1. Water Works is an ongoing project with no pre-determined path forward or a clear idea of its final resolution. The project places importance on the process (presence) over the outcome (future). It considers how I might work with fewer images while identifying more uses for the images I produce as an ecological aware action.
2. Originally, these two images for Water Works were made for the exhibition Utopian Tongues, curated by Jake Treacy, at Seventh Gallery, Melbourne, Australia, in 2018. The exhibition provided artists with a platform to consider how art might act as a conduit for ‘potent change, transformation and healing.’
3. An entry point to making these images was the following text by Hong Kong–US martial artist Bruce Lee (1940–1973).
Empty your mind.
Be formless, shapeless, like water.
You put water into a cup, it becomes the cup.
You put water into a bottle, it becomes the bottle.
You put it into a teapot, it becomes the teapot.
Now water can flow or it can crash.
Be water, my friend.
4. At the time of making these images, I was living in the Central Province of Papua New Guinea with my Bougainville husband.
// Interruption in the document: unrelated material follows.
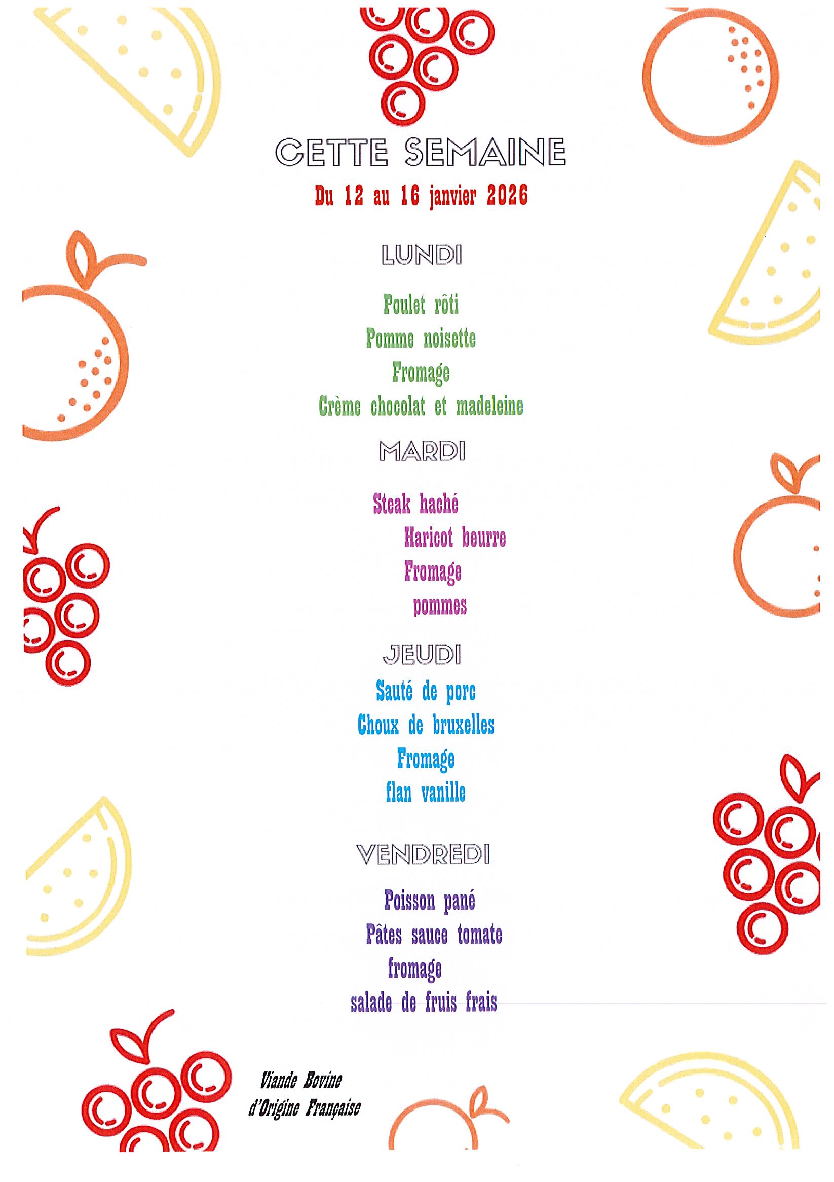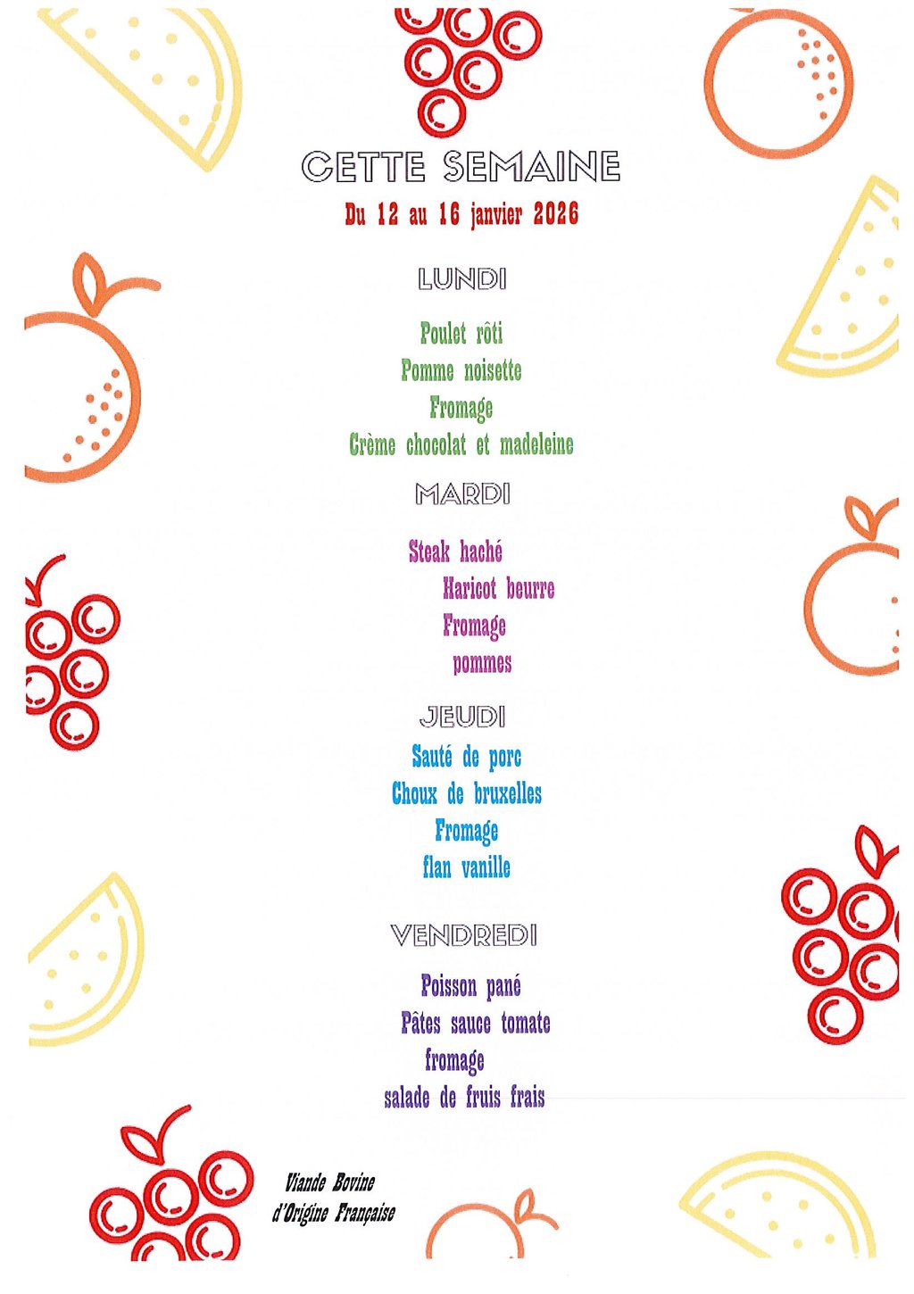 MENU CANTINE DU 12 AU 16 JANVIER 2026

I was situated in a new culture and society which demanded flexibility and adaptability due to the unpredictable nature of everyday life of living in Papua New Guinea.
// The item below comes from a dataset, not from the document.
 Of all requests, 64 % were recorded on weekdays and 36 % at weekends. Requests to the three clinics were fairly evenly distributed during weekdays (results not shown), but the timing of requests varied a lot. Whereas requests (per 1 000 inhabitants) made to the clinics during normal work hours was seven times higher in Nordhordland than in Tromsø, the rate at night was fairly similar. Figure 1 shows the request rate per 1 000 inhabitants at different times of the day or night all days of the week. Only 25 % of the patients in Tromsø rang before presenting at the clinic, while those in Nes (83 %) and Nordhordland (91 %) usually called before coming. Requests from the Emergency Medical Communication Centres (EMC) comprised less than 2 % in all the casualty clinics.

Lee’s philosophical analogy to water as a receptive, malleable entity stripped of ego and preconceptions became a valuable metaphor for me to negotiate life in Papua New Guinea. Particularly how Lee invites us to adapt to arising situations and flow around and absorb obstacles rather than crash against them. Stagnant water ceases to breathe, while flow becomes analogous to progress and personal growth.
Being embedded in the Papua New Guinean society also required me to have greater practicality and use my skills for many purposes (as opposed to being a specialist) to produce multiple effective outcomes. Furthermore, access to many things (household goods, services, or even art practices) was limited, and we continually made do with what was available to us at the time.
This way of living (and thinking) profoundly affected how I make my images function, both aesthetically and in practical terms.
5. Images have been presented as part of the Bakehouse Studio Billboards Project for the Centre for Contemporary Photography in 2019 and for the Picture Windows commission for the City Of Melbourne Council in 2020. In both instances, the images were simply rotated to work with the billboard perspective (prioritising image function over original aesthetic choices). I made one of the images into a short video for a one-night gathering for Telos in Melbourne in 2021. Another image was printed onto paper and had embroidered text embedded into the surface for the exhibition Ecologies of Change in 2021. Curated by Clare Humphries (Australia), Jacki Baxter (UK) and Venessa Pugh (UK), this project brought together artists ‘who share an ethics of care for Earth's ecosystems.’
At present, these works have been printed onto fabric, and I have embroidered text on them. I am thinking of utilising these pieces of fabric to make a quilt for my baby.